Why is atmosphere the first requirement for terraforming Mars, not just “warming it up”?
What made Mars lose much of its atmosphere, and how do observations support that?
Why doesn’t releasing CO2 from the polar caps or shallow regolith solve the problem?
What does the “carbonate mining” path require, and why is it so energy-intensive?
If a full Earth-like atmosphere is unlikely, what is “paraterraforming” and why might it be more realistic?
Review Questions
- What specific physical conditions on Mars (pressure, greenhouse effect, water phase behavior, radiation shielding) make atmosphere the limiting factor for terraforming?
- Compare the three CO2 sources discussed (polar icecap, regolith, carbonates). Which one is large enough in principle, and what makes it difficult?

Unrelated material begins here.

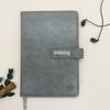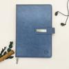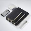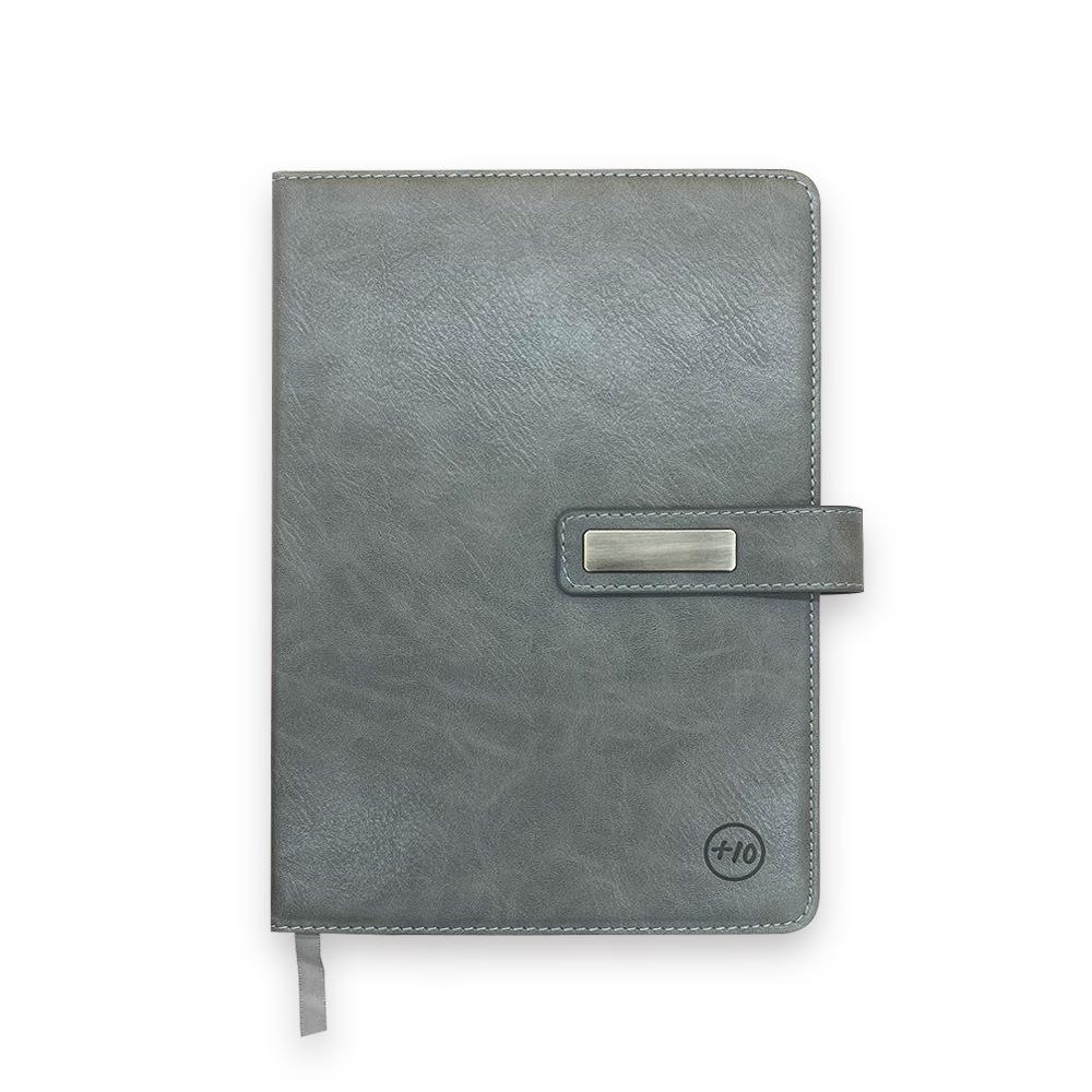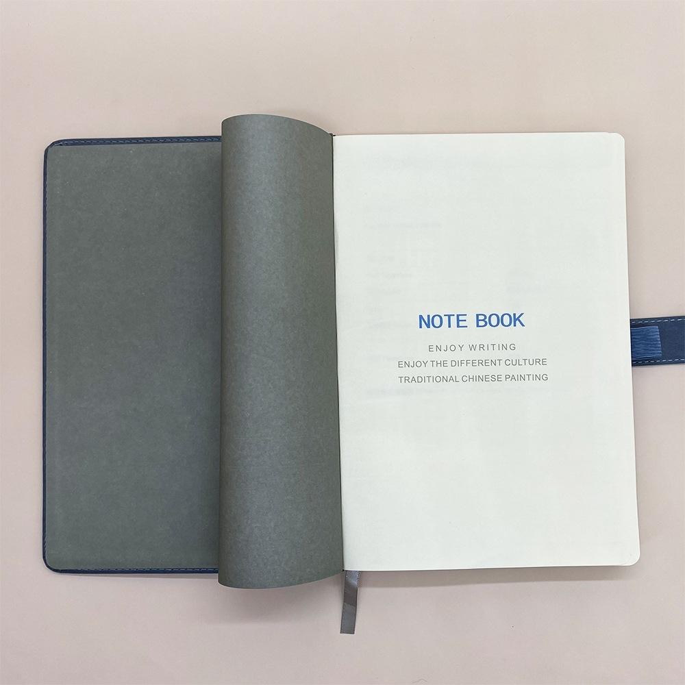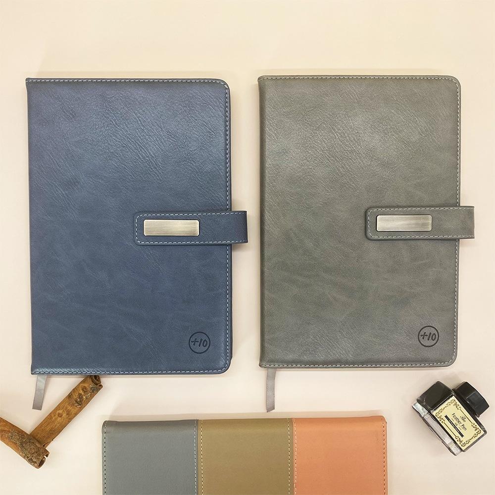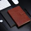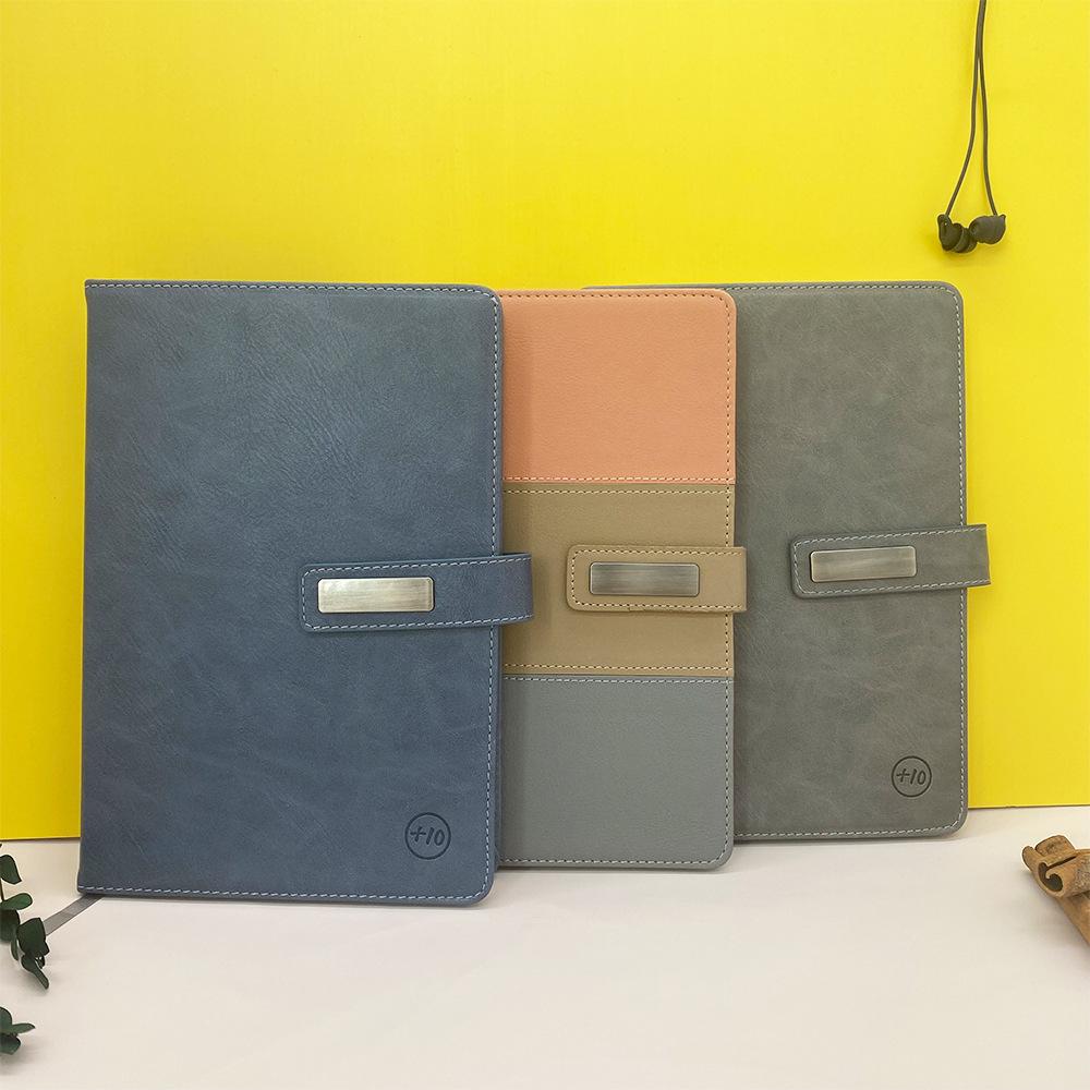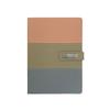 Bloc de notas A5 con hebilla de metal, fabricado por el fabricante, con logotipo de cuaderno empalmado en cuero PU de tres colores.

- Why does Mars’ lack of a global magnetic field matter for long-term atmospheric retention, and what alternative protection is proposed?
Key Points
- 1
Terraforming Mars depends primarily on creating a thick atmosphere; Mars’ 0.6% Earth pressure prevents stable liquid water and provides little greenhouse warming.
- 2
Mars likely lost much of its atmosphere to space because its small mass led to an early core solidification and the shutdown of a global magnetic field, allowing solar wind stripping.
- 3
Accessible CO2 sources—south polar ice and near-surface regolith—are too limited to raise Mars anywhere near Earth’s atmospheric pressure (roughly 100× too low from polar release and ~4% from regolith heating).
- 4
The only plausible large reservoir is buried carbonate minerals, but extracting CO2 requires mining and processing that could consume energy on the order of several septillion joules.
- 5
A planet-wide CO2–oxygen atmosphere would still be hostile to humans and animals, making photosynthesis (e.g., cyanobacteria-like organisms) a key part of sustaining oxygen balance.
- 6
If full terraforming is impractical, paraterraforming via sealed “worldhouses” could create Earth-like environments locally with far less material than manufacturing a whole-planet atmosphere.
- 7
Long-term atmospheric survival would require protection; Mars can’t easily restart its magnetic field, so an external magnetic shield is one proposed workaround.